We want to filter the data such that we need only data from United states. Hence the extracted is resulted with consists of data set from United states. Further classification is done based on data to be from only 28th and 27th of March as we may not have any data from Washington and California region regarding cases being reported on 28th.

This refined data set is obtained and now reviewed.

This selected data set has some null values under the Hospitalized column.

The rest of the data is non-null and has either zero or values

Hence, this suggests that the data is cleansed and is a good candidate for the visualization purpose.

The main objective as part of data review is to:

View the total number of negative, positive cases for the most critically affected states which has death count>100 to analyze whether testing has been actively being held in the states, how bad is it contagious and the mortality rate.

The tool we selected is Tableau for public version. It is open source.

After successful download, the data set has been uploaded in an excel format.

Although it can still accept json, csv formats.

Now sort the data based on:

1. Death to be > 100 (as these states are greatly impacted),

1. On or after 27th March as we want to analyze for the current data

Once the data has been uploaded you can see the data being populated in the tableau workspace.

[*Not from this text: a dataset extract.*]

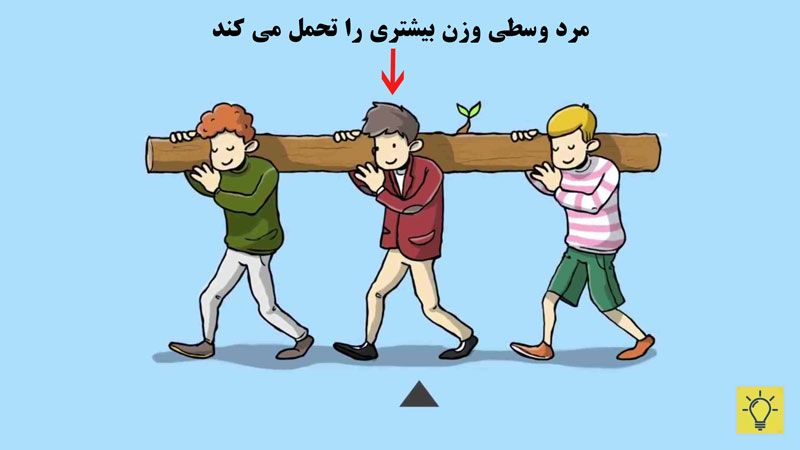 مرد وسط وزن بیشتر تحمل می کند و نقش تکیه گاه را دارد.

Now we can see lot of column such as date modified, fips codes, grade, last update, check in time, commercial state value, etc. which may not be relevant to our objective. Hence, we can hide such column.

Objective: The selected objective is to visualize the graph for the most critically affected states:

1. Sum (negative cases) vs State –

1. Sum (positive cases) vs State –

1. Total number of cases vs State –

These number imply that active testing has been going on and more than 75% of the tested cases are negative which implies that people with other type of flu diagnosed with similar symptoms have also been tested for corona.